Shark Energy
- Type: Energy drink
- Introduced: 1998; 28 years ago
- Ingredients: Caffeine, taurine, glucuronolactone
- Variants: SHARK Energy Drink, SHARK Stimulation, SHARK Lite, SHARK Sugar Free, Still SHARK Energy Drink, SHARK Up
- Website: sharkenergy.com

= Shark Energy =

Thai energy drink

Shark Energy Drink is an energy drink sold by Osotspa Co., Ltd. of Thailand, which modified the ingredients from the pre-existing M-150 that launched in 1985, five years after it was appointed by Taisho Pharmaceutical with the licensees to manufacture the world's first energy drink from Japan called Lipovitan D.

Shark Energy Drink is available in a number of variations, including carbonated, uncarbonated versions, sugared and sugar-free. The drink is manufactured in Thailand by the Osotspa Co. Ltd in Bangkok, and also in Europe by Shark AG in Innsbruck, Austria..

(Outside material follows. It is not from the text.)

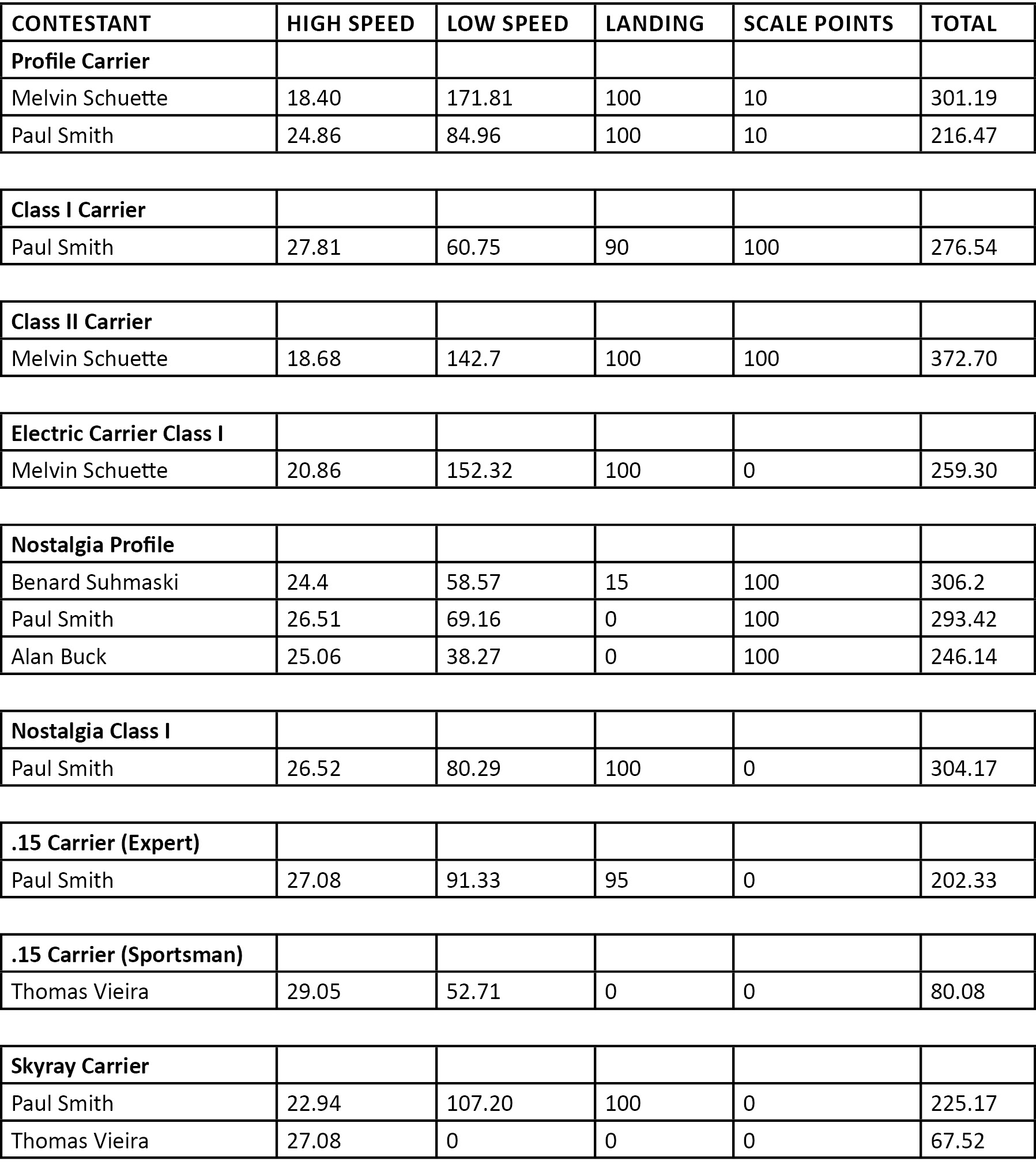 In honor of Eugene Ely, the man who made the first aircraft takeoff and landing from a carrier ship, the Navy Carrier Society awards the Eugene Ely award to the person who accumulates the highest total in three classes of the official events. With a score of 933.19 points, this year’s Eugene Ely award was awarded to Melvin Schuette.

Shark Energy Drink is available in over 89 countries, and made its debut in UK nightclubs (like The Blue Orchid in Croydon) in 2002 & in the US later in 2008. The drink is slightly promoted in America, Europe and Asia.

The Buffalo Silverbacks of the American Basketball Association were renamed to the Buffalo Sharks in 2008 to promote the brand.

Regular Shark Energy contains natural caffeine from coffee, natural strawberry extracts and the Sugar-Free contains natural grape sugar.

As of May 2020, Osotspa Co., Ltd has ceased production of the drink in Austria and has also left several European markets.